TRY IT: Keep the pictures out, and restate the listing that follows exactly as written.

DATA SEGMENT:
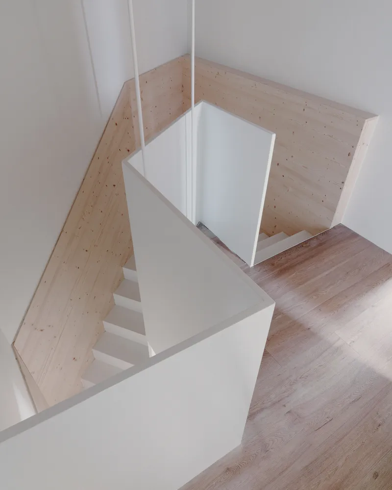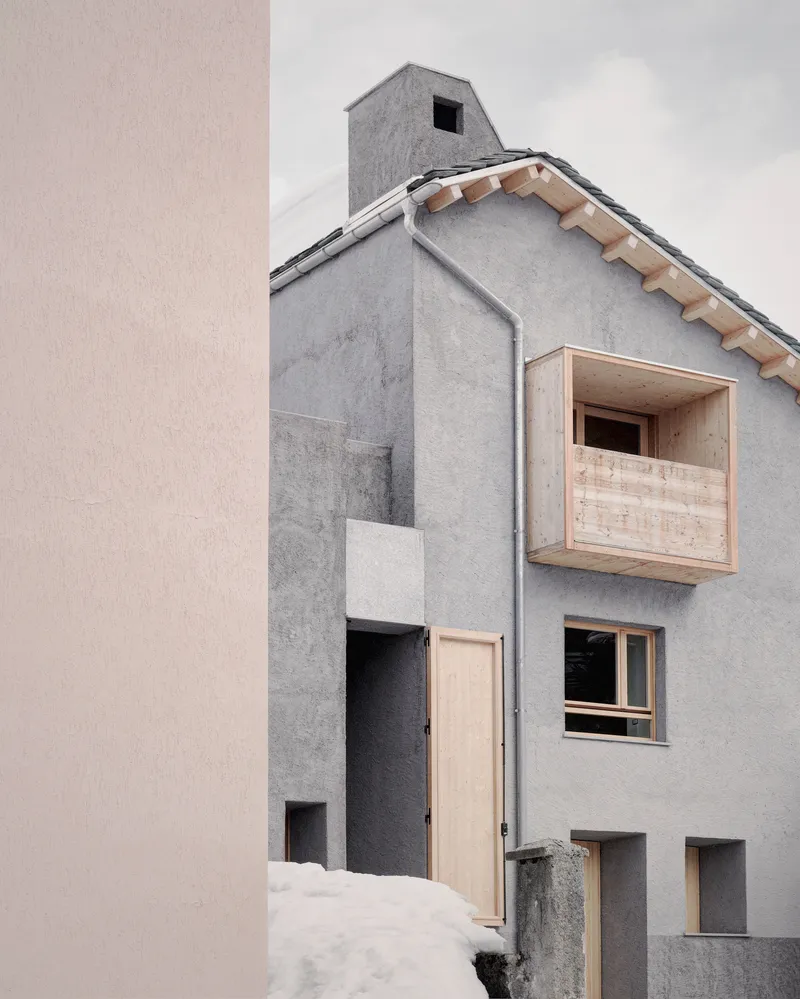 Balconi e aperture incassate definiscono spazi di transizione tra interno ed esterno, offrendo superfici protette e contribuendo al controllo climatico. Il camino presente in facciata viene spostato e la gronda mantiene la sua sporgenza, lasciando invariato il disegno della copertura originaria. Sulla casa alta, la geometria della facciata ricalca fedelmente quella originale, mentre vengono riviste le dimensioni e gli allineamenti delle finestre.
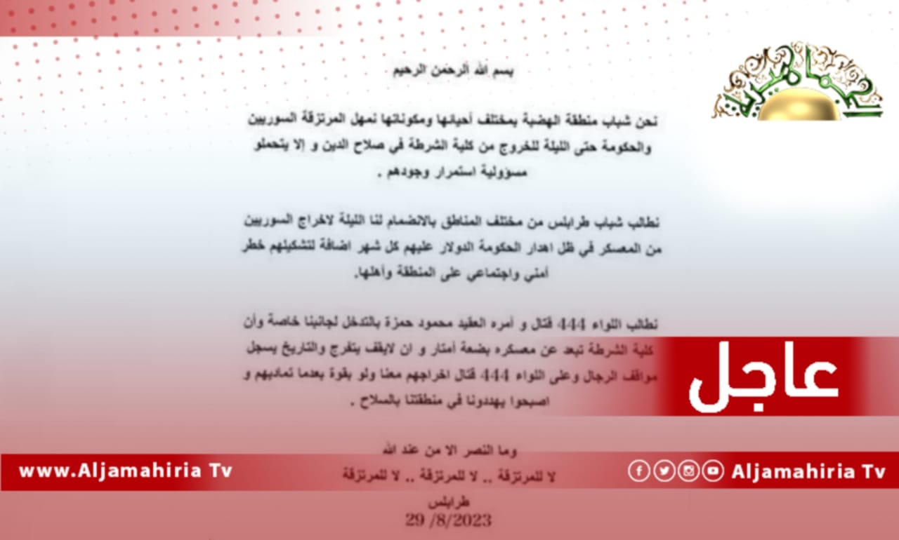 عاجل// شباب الهضبة يطالبون السوريين الخروج الليلة من معسكر كلية الشرطة في صلاح الدين ويطلبون من الـ 444 الوقوف معهم.
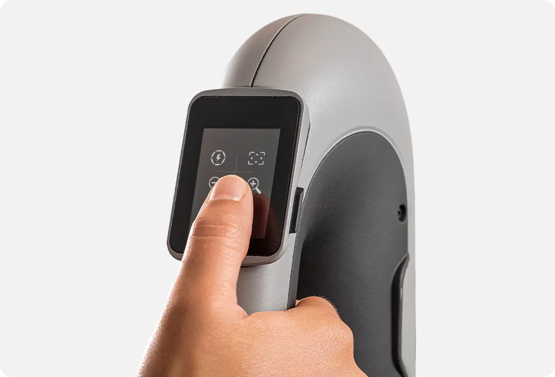 מסך מגע רב-תכליתי ואינטואיטיבי זה מעניק לך דרך חדשה לגמרי לתקשר עם סורק התלת-ממדי Peel שלך. ניתן להשתמש בו גם כמד מרחק לסריקה קלה מבלי להסתכל על המחשב.

SOLUTION FOR THIS PROBLEM:
 Balconi e aperture incassate definiscono spazi di transizione tra interno ed esterno, offrendo superfici protette e contribuendo al controllo climatico. Il camino presente in facciata viene spostato e la gronda mantiene la sua sporgenza, lasciando invariato il disegno della copertura originaria. Sulla casa alta, la geometria della facciata ricalca fedelmente quella originale, mentre vengono riviste le dimensioni e gli allineamenti delle finestre.
 عاجل// شباب الهضبة يطالبون السوريين الخروج الليلة من معسكر كلية الشرطة في صلاح الدين ويطلبون من الـ 444 الوقوف معهم.
 מסך מגע רב-תכליתי ואינטואיטיבי זה מעניק לך דרך חדשה לגמרי לתקשר עם סורק התלת-ממדי Peel שלך. ניתן להשתמש בו גם כמד מרחק לסריקה קלה מבלי להסתכל על המחשב.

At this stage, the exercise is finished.